Respect is a two-way street and surely, according to this individualist ideology's own tenets, my identity is as important as anyone else's? Or is that not the case? Are some identities more sacrosanct than others?

AncientLights · 18/04/2018 09:28

For me the problem with the whole debate is when it starts from the premise that there is no way that a trans woman can be a woman even though they have experiences common to women, they are read very often as female, and many women's groups (the NUS, the Labour party, etc. read them as women),

VirginiaComet - hello and I am new too, or fairly. I have written a lengthy reply elsewhere so won't repeat those points but I do wonder what experience women & transwomen share? For clarity's sake, I will assume we are talking about over 18's - I appreciate that some children/teens etc struggle with their identity but they are legally their birth sex till 18 I believe, then they can do whatever. So they have male socialisation for 18 years, formative years, years that lay the foundation for the rest of life. A different socialisation from girls even if some of us do try to even it out as much as we can, society will still stuff that up. They won't have shared the discomforts about female bodily changes. They certainly won't have experienced the absolute dread of periods starting at inopportune times. Before my periods started, I spent about a year discretely looking back at every chair I got up from, dreading seeing a tell-tale red stain on it. Do we have that in common? What about the dread of getting pregnant? No. Period pains? No. None of it, in fact.

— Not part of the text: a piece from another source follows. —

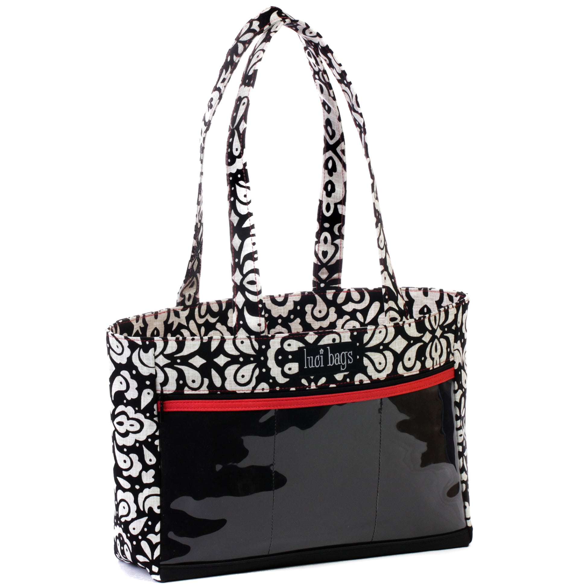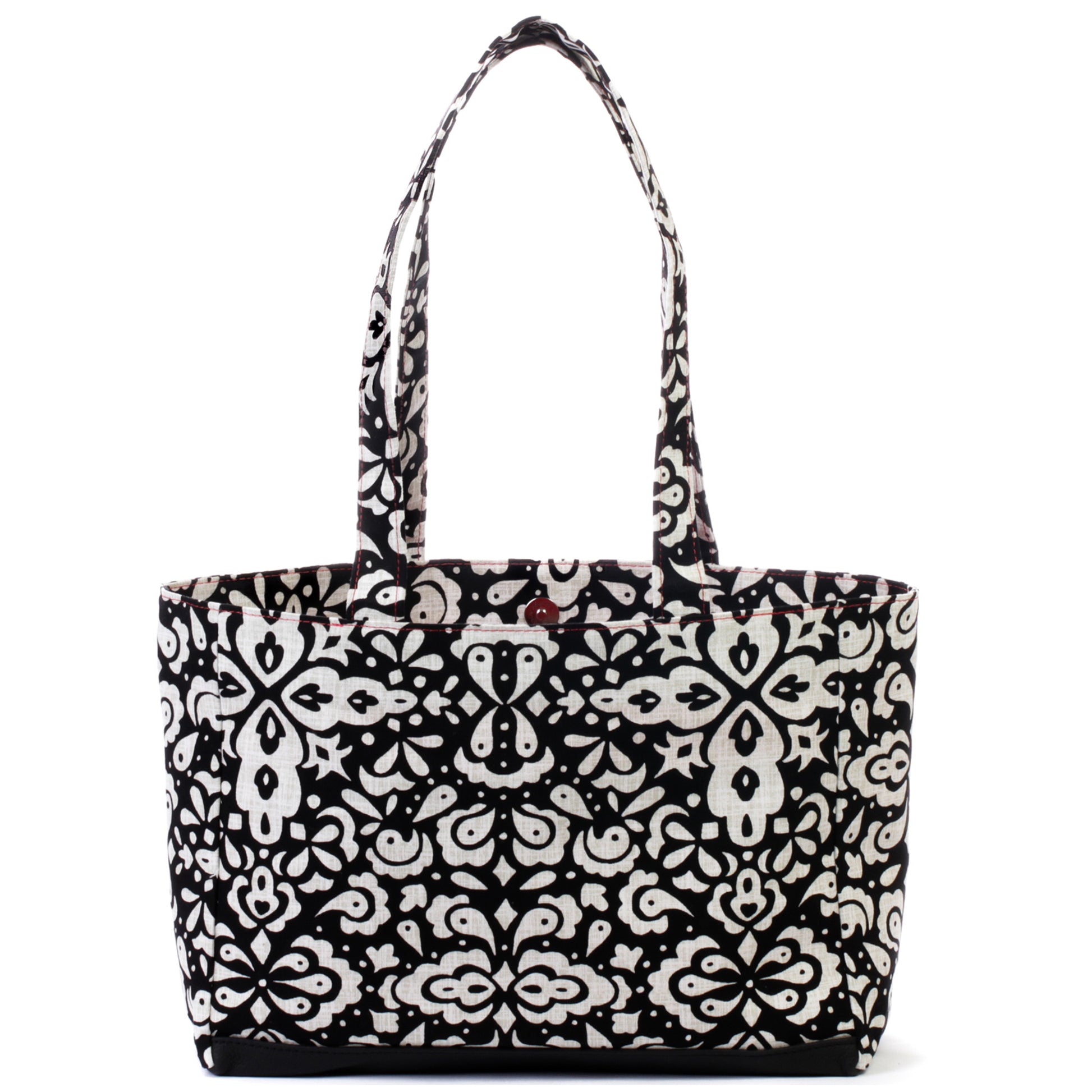 Materials: A classic white and cream mosaic tile print set on a black background. Tomato red accents. Black window background & faux leather bottom. Silver magnetic snap closure.
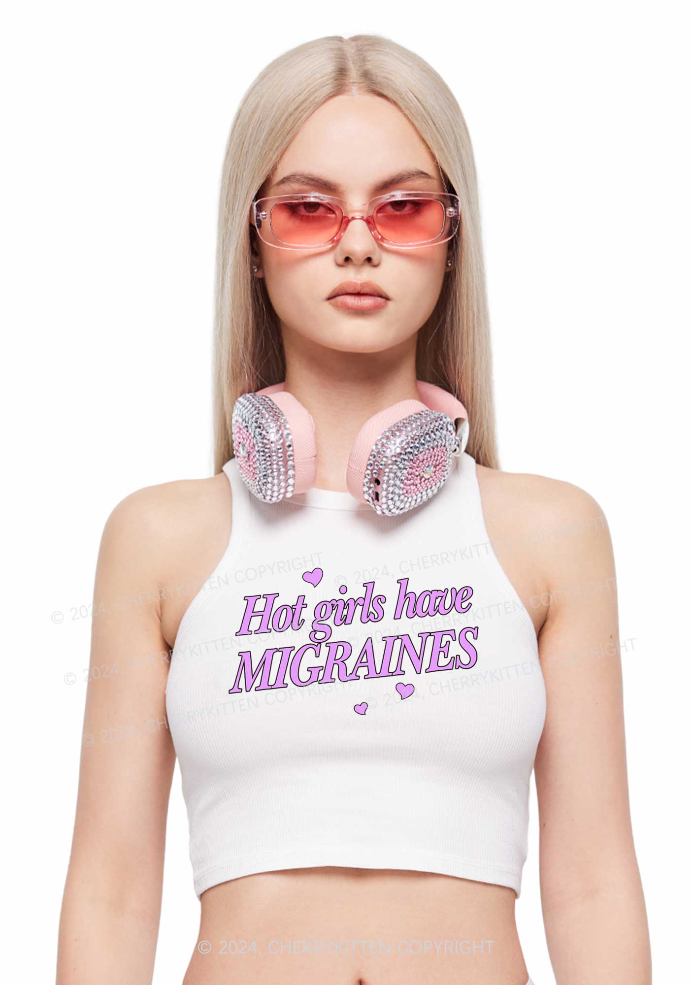 Hot Girls Have Migraines Y2K Crop Tank Top Cherrykitten

Virginia, nobody reads them as women. Honestly. We always know. For years, with the older style of transwomen who had the ops and all those things, we gave them the status of 'honorary' women. There weren't very many, it wasn't a problem. But that will change, has changed even now. Trans people cover a whole range and some are MRAs, no question. Not all. Probably not even most. But some are. And they can be very unpleasant indeed. Nobody, but nobody, here is ever denying their humanity or personhood. If I were religious, I'd say 'we're all God's children'.

A long answer! I hope you will stick around and engage, meanwhile I must be off. Have a good day.

BiologyMatters · 18/04/2018 09:44

I think it would be a shame if virginia was put off posting here. She/he is willing to have a debate so i think being "strident" might be counter productive.

Virginia, please could you define woman without using the word woman?

AngryAttackKittens · 18/04/2018 09:46

I think that policing other women's use of language via sexist terms like "strident" is counter productive.